**TASK DETAILS:** Copy out the lines beginning at the one with "通過商超平臺(tái)系統(tǒng),一鍵把大型商超連" and ending at the last line of the data, both included; pictures stay out.

--

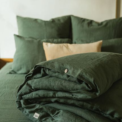 Housse de couette en lin vert forêt
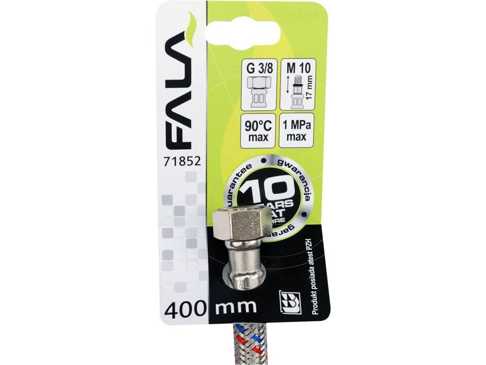 Шланг водопровідний з опліткою з нерж сталі FALA l= 400мм Ø= 8/12, з'єдн F-3/8" х M-M10x1- 17мм 1МПа
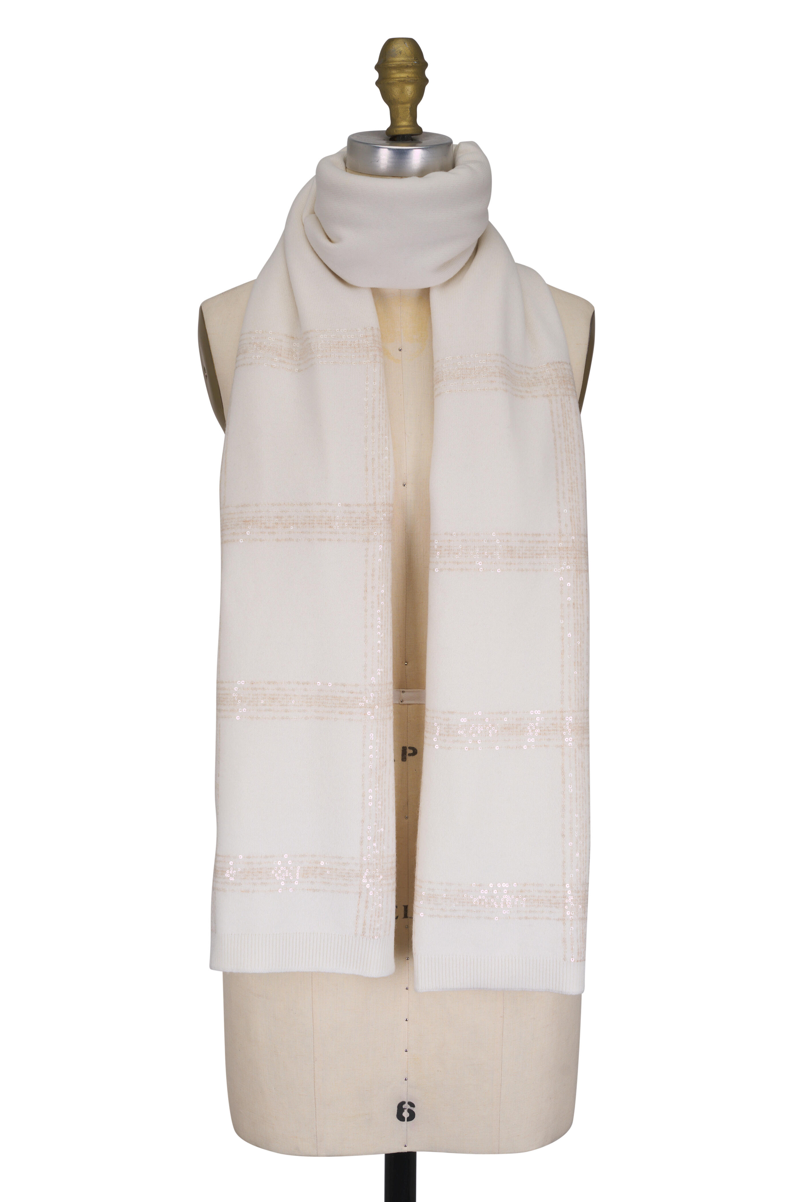 Fringe trim. Made in Italy. 15.3" x 81.9". 100% cashmere. Hand wash.
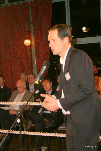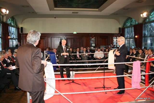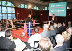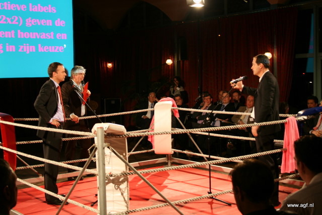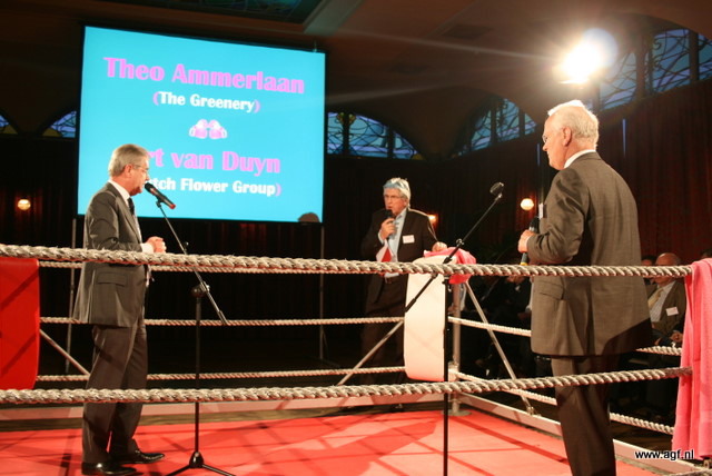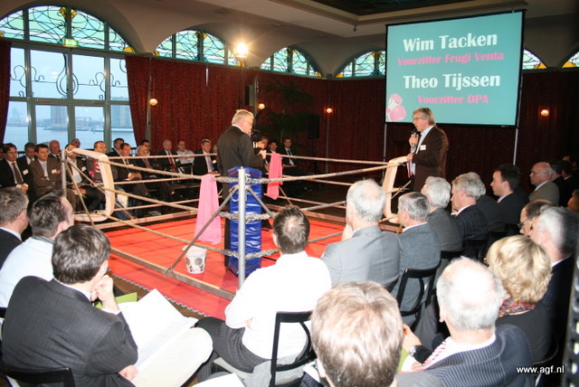 Wim Tacken (FrugiVenta) en Theo Tijssen (DPA) beten de spit af in de boksring tijdens het AGF-Debat 2010. De voorzitters blikten terug op 2009 en keken vooruit naar het nieuwe jaar.
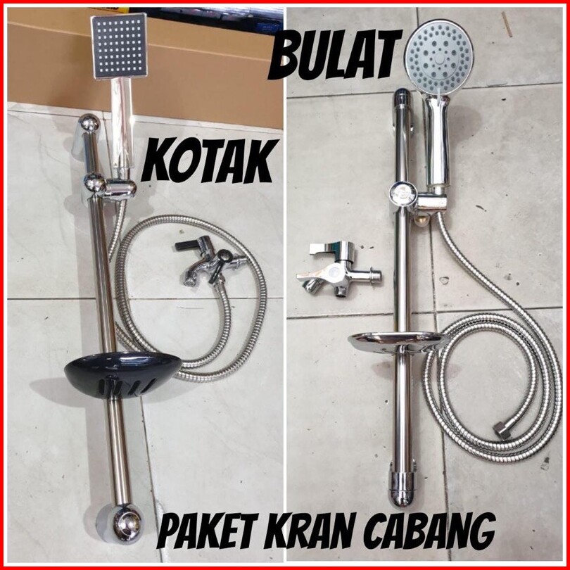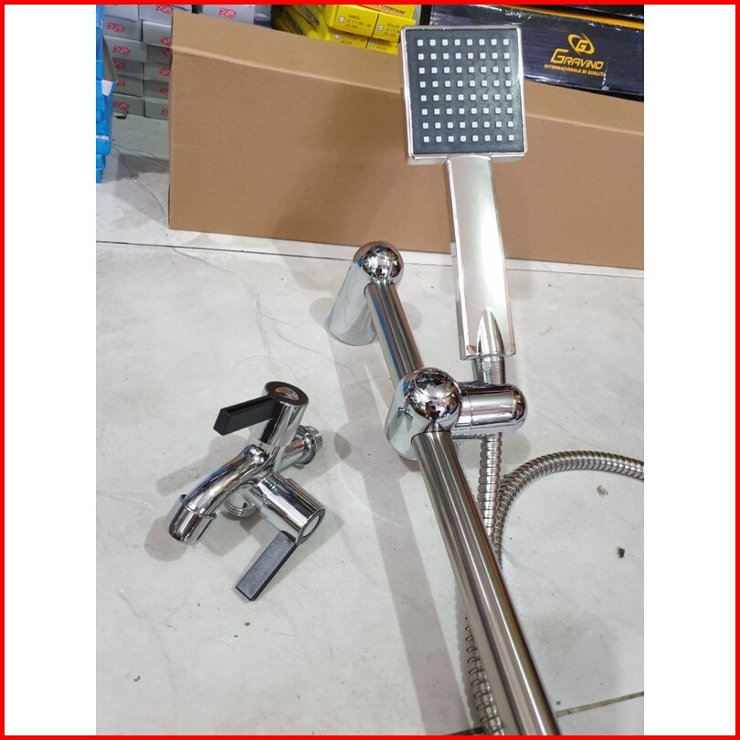Paket Shower Tiang Stainless 60cm Kran Cabang
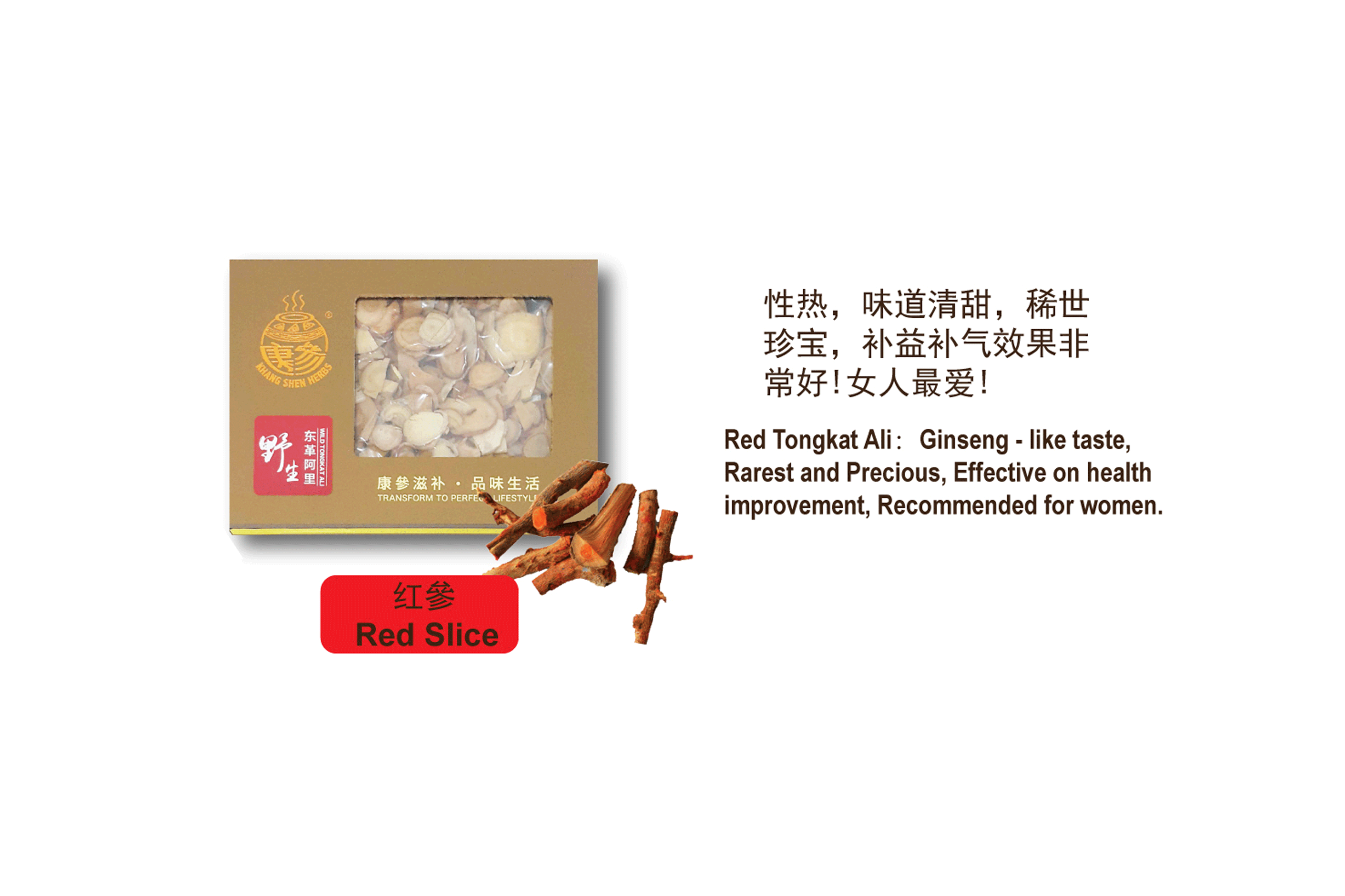 * Tongkat Ali Slices (Red) are made strictly according to production process using high-technology equipment in processing and sterilization to retain Tongkat Ali’s active ingredients so that human body can digest and absorb completely
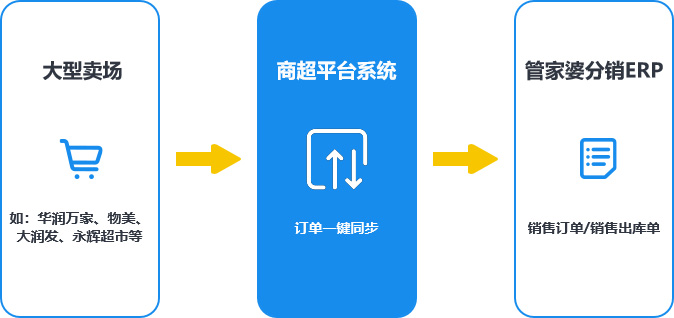 通過商超平臺(tái)系統(tǒng),一鍵把大型商超連鎖的訂單導(dǎo)入到管家婆分銷ERP中,生成銷售訂單或銷售出庫單,降低人力成本,提升效率。
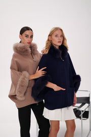 Genuine Polar Fox Fur Cashmere Blend Poncho in True Navy
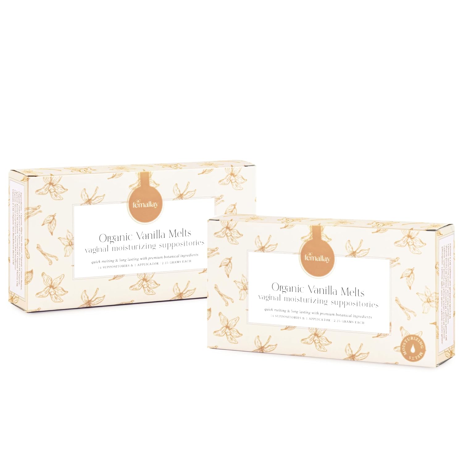 Femallay Organic Vaginal Moisturizing Suppositories – Vanilla 2 Pack – 100% Natural Relief for Dryness, Odor & Daily Feminine Discomfort – 14 Count + Applicator
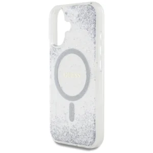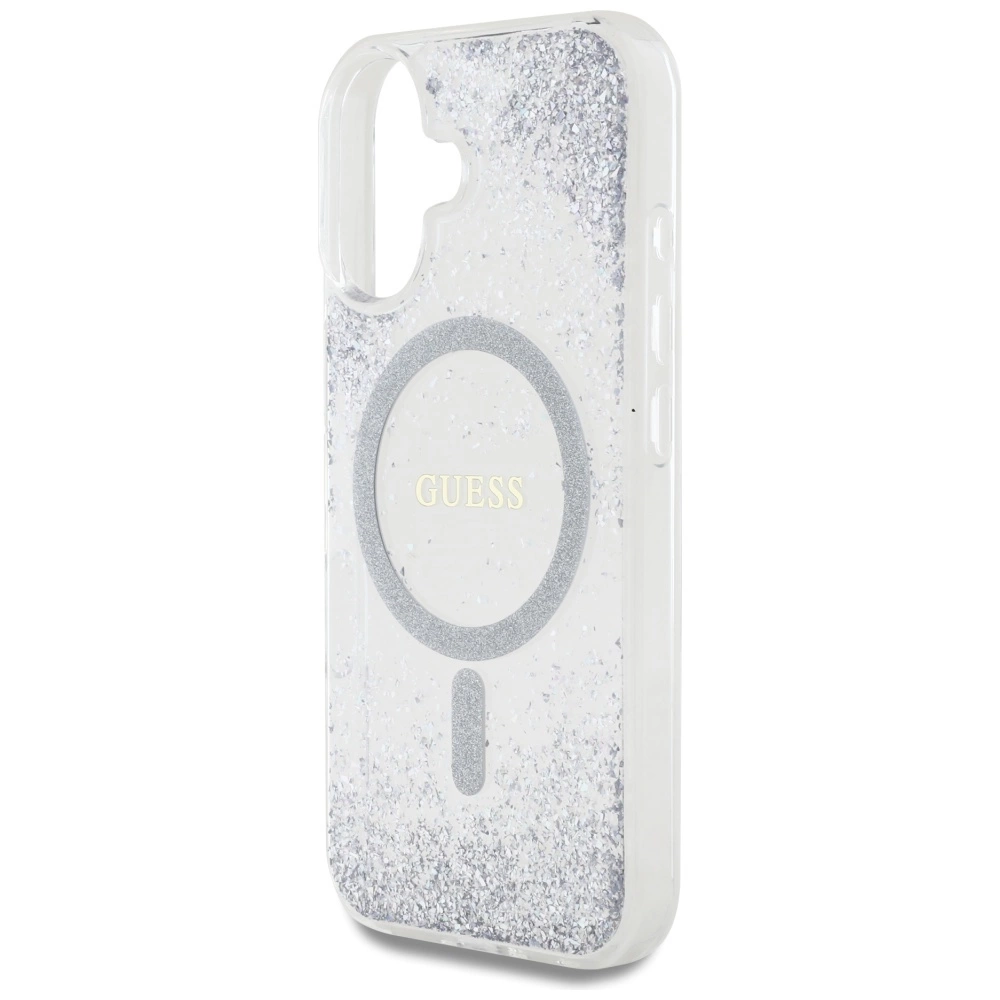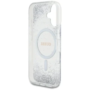 Guess HC dervos dugno blizgantis MagSafe dėklas iPhone 16 – sidabrinis

--

**EXERCISE OUTPUT:**
 通過商超平臺(tái)系統(tǒng),一鍵把大型商超連鎖的訂單導(dǎo)入到管家婆分銷ERP中,生成銷售訂單或銷售出庫單,降低人力成本,提升效率。
 Genuine Polar Fox Fur Cashmere Blend Poncho in True Navy
 Femallay Organic Vaginal Moisturizing Suppositories – Vanilla 2 Pack – 100% Natural Relief for Dryness, Odor & Daily Feminine Discomfort – 14 Count + Applicator
 Guess HC dervos dugno blizgantis MagSafe dėklas iPhone 16 – sidabrinis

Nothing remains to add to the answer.